Task goal:
The entries that follow include a run beginning at the line with "The new ASUS" and ending at the line with "マリオ グッズ ルイージ"; restate that run word for word and leave the rest out.

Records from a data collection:
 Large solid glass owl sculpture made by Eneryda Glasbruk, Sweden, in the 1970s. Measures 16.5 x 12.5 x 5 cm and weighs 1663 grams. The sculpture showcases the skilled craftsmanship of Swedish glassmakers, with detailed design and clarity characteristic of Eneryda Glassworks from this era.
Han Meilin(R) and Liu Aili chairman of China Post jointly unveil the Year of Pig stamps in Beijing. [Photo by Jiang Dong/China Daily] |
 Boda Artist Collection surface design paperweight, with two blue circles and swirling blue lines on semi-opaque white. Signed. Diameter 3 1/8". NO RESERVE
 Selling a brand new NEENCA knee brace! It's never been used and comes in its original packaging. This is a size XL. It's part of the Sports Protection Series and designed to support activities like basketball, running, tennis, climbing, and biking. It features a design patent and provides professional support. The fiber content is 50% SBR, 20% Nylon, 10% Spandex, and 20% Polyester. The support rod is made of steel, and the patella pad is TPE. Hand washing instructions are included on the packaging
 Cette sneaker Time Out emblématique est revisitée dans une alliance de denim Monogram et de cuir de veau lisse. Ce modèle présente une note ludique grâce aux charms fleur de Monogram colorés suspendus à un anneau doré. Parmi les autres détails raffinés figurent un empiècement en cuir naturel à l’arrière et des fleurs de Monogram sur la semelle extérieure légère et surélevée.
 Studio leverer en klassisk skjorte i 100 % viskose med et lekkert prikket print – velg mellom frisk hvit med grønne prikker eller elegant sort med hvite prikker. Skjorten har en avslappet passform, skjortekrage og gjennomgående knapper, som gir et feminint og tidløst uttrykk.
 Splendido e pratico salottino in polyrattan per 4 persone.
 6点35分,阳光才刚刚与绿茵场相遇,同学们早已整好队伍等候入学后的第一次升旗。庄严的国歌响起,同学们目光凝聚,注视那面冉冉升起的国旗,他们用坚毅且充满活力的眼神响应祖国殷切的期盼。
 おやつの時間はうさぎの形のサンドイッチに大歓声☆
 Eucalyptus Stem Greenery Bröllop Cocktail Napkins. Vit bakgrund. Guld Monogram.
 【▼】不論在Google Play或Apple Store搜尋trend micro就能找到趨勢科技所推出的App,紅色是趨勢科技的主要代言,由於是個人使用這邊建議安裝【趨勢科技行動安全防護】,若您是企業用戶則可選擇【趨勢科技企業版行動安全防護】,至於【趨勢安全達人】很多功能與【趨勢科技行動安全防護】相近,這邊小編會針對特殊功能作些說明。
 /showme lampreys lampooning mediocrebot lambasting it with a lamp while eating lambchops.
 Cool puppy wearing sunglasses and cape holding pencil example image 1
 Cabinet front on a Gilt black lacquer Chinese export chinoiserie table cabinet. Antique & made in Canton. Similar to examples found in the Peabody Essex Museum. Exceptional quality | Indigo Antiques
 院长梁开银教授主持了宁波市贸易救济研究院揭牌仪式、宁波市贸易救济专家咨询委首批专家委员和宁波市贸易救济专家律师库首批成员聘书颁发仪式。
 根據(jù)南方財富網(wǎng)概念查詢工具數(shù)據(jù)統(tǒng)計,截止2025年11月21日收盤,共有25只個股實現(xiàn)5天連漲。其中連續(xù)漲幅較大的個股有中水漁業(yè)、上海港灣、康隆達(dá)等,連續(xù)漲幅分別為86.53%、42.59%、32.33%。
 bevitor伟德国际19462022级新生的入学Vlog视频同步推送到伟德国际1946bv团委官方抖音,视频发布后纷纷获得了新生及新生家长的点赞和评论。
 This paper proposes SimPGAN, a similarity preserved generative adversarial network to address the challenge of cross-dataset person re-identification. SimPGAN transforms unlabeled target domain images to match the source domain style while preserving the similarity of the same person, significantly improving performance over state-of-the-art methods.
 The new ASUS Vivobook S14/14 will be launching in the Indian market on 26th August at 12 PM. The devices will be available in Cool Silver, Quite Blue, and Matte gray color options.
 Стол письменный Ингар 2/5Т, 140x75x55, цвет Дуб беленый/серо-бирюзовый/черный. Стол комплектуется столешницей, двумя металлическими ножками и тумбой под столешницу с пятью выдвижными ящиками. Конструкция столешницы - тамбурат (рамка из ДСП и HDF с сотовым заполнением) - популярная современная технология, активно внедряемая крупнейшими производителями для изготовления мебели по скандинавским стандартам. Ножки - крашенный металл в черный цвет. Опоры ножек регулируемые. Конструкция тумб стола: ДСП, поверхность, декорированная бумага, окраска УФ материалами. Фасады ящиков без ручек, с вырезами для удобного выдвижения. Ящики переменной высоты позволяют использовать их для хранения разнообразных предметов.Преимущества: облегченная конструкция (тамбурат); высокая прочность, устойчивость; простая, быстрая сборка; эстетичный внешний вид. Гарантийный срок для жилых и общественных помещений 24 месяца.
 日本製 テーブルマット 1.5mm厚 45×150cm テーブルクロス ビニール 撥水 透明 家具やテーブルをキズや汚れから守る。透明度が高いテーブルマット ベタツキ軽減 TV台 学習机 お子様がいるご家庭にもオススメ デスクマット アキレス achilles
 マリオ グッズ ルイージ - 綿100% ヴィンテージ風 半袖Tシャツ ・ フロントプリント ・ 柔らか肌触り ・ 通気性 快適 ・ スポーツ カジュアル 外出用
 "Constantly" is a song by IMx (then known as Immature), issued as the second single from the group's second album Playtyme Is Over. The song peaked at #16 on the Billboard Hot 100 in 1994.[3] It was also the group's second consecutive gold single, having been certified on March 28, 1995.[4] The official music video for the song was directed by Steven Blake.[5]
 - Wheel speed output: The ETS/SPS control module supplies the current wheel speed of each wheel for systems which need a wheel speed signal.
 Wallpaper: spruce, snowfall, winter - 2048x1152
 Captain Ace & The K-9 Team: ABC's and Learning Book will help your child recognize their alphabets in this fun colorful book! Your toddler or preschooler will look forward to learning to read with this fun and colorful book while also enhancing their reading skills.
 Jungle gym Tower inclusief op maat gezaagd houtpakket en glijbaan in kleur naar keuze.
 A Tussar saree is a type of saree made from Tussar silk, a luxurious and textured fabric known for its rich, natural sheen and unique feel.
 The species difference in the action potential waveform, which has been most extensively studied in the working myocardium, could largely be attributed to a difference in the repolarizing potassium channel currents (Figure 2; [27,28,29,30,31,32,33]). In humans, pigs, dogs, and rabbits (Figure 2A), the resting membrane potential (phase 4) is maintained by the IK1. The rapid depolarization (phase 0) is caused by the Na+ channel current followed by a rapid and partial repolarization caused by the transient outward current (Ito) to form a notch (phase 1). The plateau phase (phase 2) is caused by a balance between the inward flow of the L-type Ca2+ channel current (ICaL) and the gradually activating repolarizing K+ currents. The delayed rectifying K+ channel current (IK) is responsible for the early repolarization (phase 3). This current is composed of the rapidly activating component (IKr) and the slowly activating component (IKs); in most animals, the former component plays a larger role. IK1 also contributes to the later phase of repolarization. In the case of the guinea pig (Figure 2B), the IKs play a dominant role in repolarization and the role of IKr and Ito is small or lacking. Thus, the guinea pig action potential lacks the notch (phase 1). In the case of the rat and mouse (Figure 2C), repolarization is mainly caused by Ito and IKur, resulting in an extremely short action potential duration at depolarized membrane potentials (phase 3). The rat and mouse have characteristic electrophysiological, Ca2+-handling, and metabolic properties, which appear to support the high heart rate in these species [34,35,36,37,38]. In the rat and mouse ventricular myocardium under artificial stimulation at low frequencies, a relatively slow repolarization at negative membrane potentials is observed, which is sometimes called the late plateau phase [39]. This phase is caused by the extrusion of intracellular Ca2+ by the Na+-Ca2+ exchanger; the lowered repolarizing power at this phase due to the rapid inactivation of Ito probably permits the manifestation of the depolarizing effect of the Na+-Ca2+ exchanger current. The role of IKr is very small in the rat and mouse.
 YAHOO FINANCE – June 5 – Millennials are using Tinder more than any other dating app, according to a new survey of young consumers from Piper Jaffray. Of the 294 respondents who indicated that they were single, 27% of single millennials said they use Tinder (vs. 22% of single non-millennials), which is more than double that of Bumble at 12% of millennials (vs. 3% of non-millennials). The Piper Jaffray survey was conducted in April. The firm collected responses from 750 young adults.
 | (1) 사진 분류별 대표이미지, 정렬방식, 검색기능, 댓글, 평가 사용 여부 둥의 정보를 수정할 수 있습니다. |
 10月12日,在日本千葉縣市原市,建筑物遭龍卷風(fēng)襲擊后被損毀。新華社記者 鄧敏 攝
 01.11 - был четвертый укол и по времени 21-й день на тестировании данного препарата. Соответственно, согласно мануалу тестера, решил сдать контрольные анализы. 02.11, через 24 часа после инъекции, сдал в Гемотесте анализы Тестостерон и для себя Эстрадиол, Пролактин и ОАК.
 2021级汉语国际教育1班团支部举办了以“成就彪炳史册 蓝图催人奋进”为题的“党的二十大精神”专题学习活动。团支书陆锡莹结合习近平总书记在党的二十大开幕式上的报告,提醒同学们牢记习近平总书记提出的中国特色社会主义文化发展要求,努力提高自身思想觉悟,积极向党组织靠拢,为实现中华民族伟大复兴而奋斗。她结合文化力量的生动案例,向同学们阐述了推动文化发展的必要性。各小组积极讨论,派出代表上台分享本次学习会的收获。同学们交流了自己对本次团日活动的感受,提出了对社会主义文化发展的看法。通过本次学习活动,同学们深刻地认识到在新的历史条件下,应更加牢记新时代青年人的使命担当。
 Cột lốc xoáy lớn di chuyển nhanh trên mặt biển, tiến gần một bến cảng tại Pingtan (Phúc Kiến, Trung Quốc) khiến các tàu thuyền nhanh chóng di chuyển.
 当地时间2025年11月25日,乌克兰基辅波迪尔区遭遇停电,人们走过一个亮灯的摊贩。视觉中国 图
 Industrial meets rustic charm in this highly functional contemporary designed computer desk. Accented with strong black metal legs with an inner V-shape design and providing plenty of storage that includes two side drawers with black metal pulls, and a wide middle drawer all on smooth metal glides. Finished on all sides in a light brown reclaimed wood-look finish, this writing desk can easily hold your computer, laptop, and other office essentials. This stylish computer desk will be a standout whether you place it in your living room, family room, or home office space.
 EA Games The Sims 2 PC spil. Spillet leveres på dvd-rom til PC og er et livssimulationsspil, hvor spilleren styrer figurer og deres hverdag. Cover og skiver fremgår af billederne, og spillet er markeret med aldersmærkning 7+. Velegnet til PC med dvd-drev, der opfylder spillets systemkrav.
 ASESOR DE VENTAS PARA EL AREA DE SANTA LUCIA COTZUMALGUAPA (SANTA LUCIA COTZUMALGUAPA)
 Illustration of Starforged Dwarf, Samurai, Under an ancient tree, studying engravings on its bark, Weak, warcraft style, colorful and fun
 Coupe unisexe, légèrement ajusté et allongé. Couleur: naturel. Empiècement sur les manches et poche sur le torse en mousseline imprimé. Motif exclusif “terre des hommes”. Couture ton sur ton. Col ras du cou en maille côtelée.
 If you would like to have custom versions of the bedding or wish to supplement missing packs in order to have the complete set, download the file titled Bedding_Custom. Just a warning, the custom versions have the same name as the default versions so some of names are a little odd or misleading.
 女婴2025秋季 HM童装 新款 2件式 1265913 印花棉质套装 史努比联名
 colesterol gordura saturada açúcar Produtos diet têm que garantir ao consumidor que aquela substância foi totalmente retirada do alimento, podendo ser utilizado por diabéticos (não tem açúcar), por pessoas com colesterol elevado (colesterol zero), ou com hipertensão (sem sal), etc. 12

Task output:
 The new ASUS Vivobook S14/14 will be launching in the Indian market on 26th August at 12 PM. The devices will be available in Cool Silver, Quite Blue, and Matte gray color options.
 Стол письменный Ингар 2/5Т, 140x75x55, цвет Дуб беленый/серо-бирюзовый/черный. Стол комплектуется столешницей, двумя металлическими ножками и тумбой под столешницу с пятью выдвижными ящиками. Конструкция столешницы - тамбурат (рамка из ДСП и HDF с сотовым заполнением) - популярная современная технология, активно внедряемая крупнейшими производителями для изготовления мебели по скандинавским стандартам. Ножки - крашенный металл в черный цвет. Опоры ножек регулируемые. Конструкция тумб стола: ДСП, поверхность, декорированная бумага, окраска УФ материалами. Фасады ящиков без ручек, с вырезами для удобного выдвижения. Ящики переменной высоты позволяют использовать их для хранения разнообразных предметов.Преимущества: облегченная конструкция (тамбурат); высокая прочность, устойчивость; простая, быстрая сборка; эстетичный внешний вид. Гарантийный срок для жилых и общественных помещений 24 месяца.
 日本製 テーブルマット 1.5mm厚 45×150cm テーブルクロス ビニール 撥水 透明 家具やテーブルをキズや汚れから守る。透明度が高いテーブルマット ベタツキ軽減 TV台 学習机 お子様がいるご家庭にもオススメ デスクマット アキレス achilles
 マリオ グッズ ルイージ - 綿100% ヴィンテージ風 半袖Tシャツ ・ フロントプリント ・ 柔らか肌触り ・ 通気性 快適 ・ スポーツ カジュアル 外出用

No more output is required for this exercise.